It seems that everyone’s getting numb to the disturbing stories coming out of the Duke-Progress merger, but this one ought to register something on the outrage meter.
According to AP and the Winston-Salem Journal, Duke Energy has agreed to hold some of its big wholesale customers “harmless” for any costs that they may incur as a result of the merger.
“Duke Energy said Friday that it has agreed to reimburse some of its largest wholesale customers if they incurred costs related to the utility’s merger with rival Progress Energy.
Duke inked deals with several of its biggest North Carolina customers, including smaller retail electricity providers as Blue Ridge Electric Membership Corp. and Piedmont Electric Membership Corp.
The utility filed documents related to its merger side deals with the N.C. Utilities Commission.

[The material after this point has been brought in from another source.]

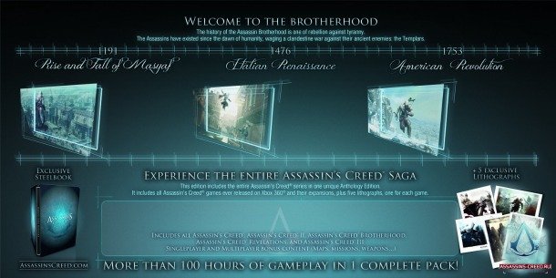 Bu sorunun doğruluğu var. Assassin’s Creed’in Rusça sitesinde, Amazon Fransa‘nın Assassin’s Creed’in 5 oyununu da içeren Assassin’s Creed Anthology’nin çıkabileceğini ortaya çıkardı. Anthology’de Assassin’s Creed, Assassin’s Creed II, Assassin’s Creed: Brotherhood, Assassin’s Creed: Revelations ve tabii ki Assassin’s Creed III yer alacak. Bununla da kalmayıp aynı paket içerisinde tüm DLC’lerin de yer alacağı belirtiliyor. Eurogamer‘da, bir Ubisoft temsilcisi, Assassin’s Creed Anthology’nin varlığını doğruladığını bildirdi.
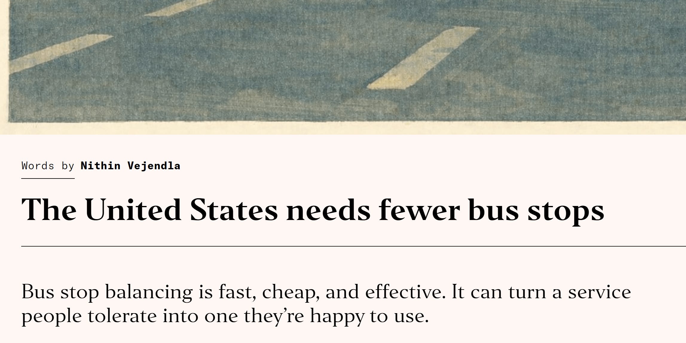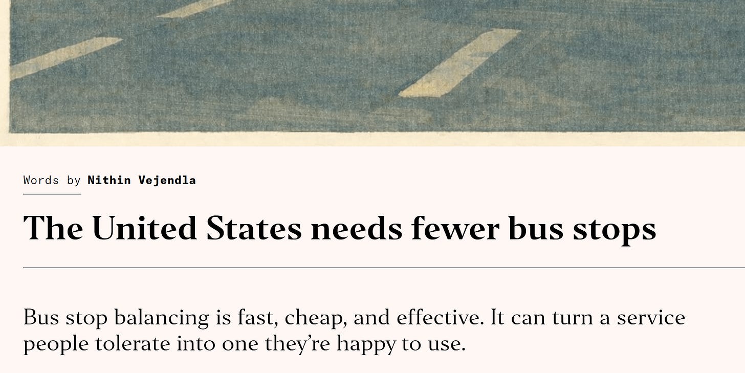 I like this piece and it’s got the duel benefit of making salient points and being well-written. Transit planning and operations is a game of tradeoffs: coverage versus speed, cost versus service, revenue sourcing versus spending, etc. If you can think of one problem, I have a handful of equal and opposite problems that don’t fit neatly into a single tradeoff. This is where good community problem ID comes in. Yes data and map shed analysis is helpful for determining optimal solutions, but our models can’t capture stories on their own. We need it all and Nithin is right.

The agreements focus on ‘hold harmless’ provisions with wholesale customers for costs they incurred or could incur related to the merger, such as legal fees in negotiating the settlements or the severance costs for future employee layoffs.”
Two groups clearly not included in such agreements: Average residential customers and average employees who lost or will lose their jobs as a result of the merger. Of course, the last group clearly does not include former boss Bill Johnson, who despite suffering the “harm” of losing his job will somehow make due with a $44.7 million severance.